DATA EXCERPT:
========

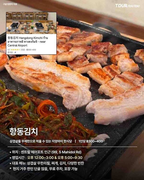 치앙마이 공항 근처에 위치한 항동김치는 삼겹살 무한리필을 대표 메뉴로 내세우는 치앙마이 한식당입니다. 김치, 찌개, 곰탕, 돈가스 등 다양한 메뉴를 점심과 저녁에만 제공하며, 현지에 사는 한국인 가족 단골이 많습니다.
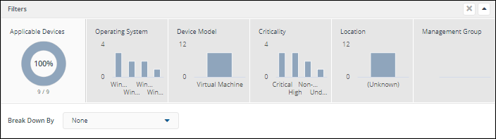 This section shows the total number of devices that have been selected for the current view and the percentage of the environment those devices comprise. If no filtering is selected, the applicable devices will be 100% of the environment and will display the total number. |
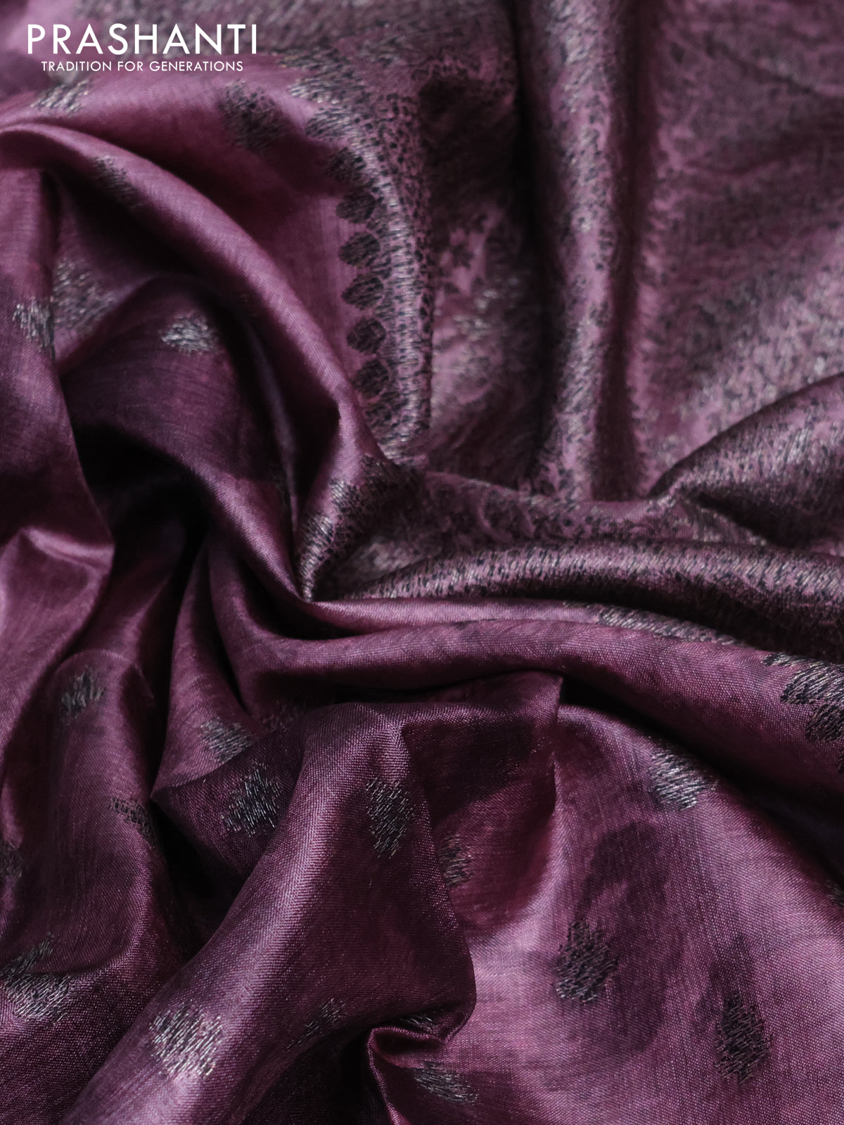 Banarasi tussar silk saree rosey brown with woven buttas & digital prints in borderless style
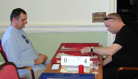 You can just feel the tension, as Mochy Masayuki and Martin Barkwill embark on their Pro Category Main Final, the centrepiece of the entire weekend (apart from the wedding, of course!) Interested onlookers are: standing, left to right Stuart Mann, Adrian Herrera, and Richard Edgecliffe-Johnson; seated are Simon Fahoury (foreground), Fanika Petkovska and Chris Roberts. On the mantlepiece behind them all are the glittering prizes on offer for the weekend's winners. |

========

WHAT THIS TASK INVOLVES: Exclude every picture, then reproduce the remaining data character for character.

EXPECTED ANSWER:
 치앙마이 공항 근처에 위치한 항동김치는 삼겹살 무한리필을 대표 메뉴로 내세우는 치앙마이 한식당입니다. 김치, 찌개, 곰탕, 돈가스 등 다양한 메뉴를 점심과 저녁에만 제공하며, 현지에 사는 한국인 가족 단골이 많습니다.
 This section shows the total number of devices that have been selected for the current view and the percentage of the environment those devices comprise. If no filtering is selected, the applicable devices will be 100% of the environment and will display the total number. |
 Banarasi tussar silk saree rosey brown with woven buttas & digital prints in borderless style
 You can just feel the tension, as Mochy Masayuki and Martin Barkwill embark on their Pro Category Main Final, the centrepiece of the entire weekend (apart from the wedding, of course!) Interested onlookers are: standing, left to right Stuart Mann, Adrian Herrera, and Richard Edgecliffe-Johnson; seated are Simon Fahoury (foreground), Fanika Petkovska and Chris Roberts. On the mantlepiece behind them all are the glittering prizes on offer for the weekend's winners. |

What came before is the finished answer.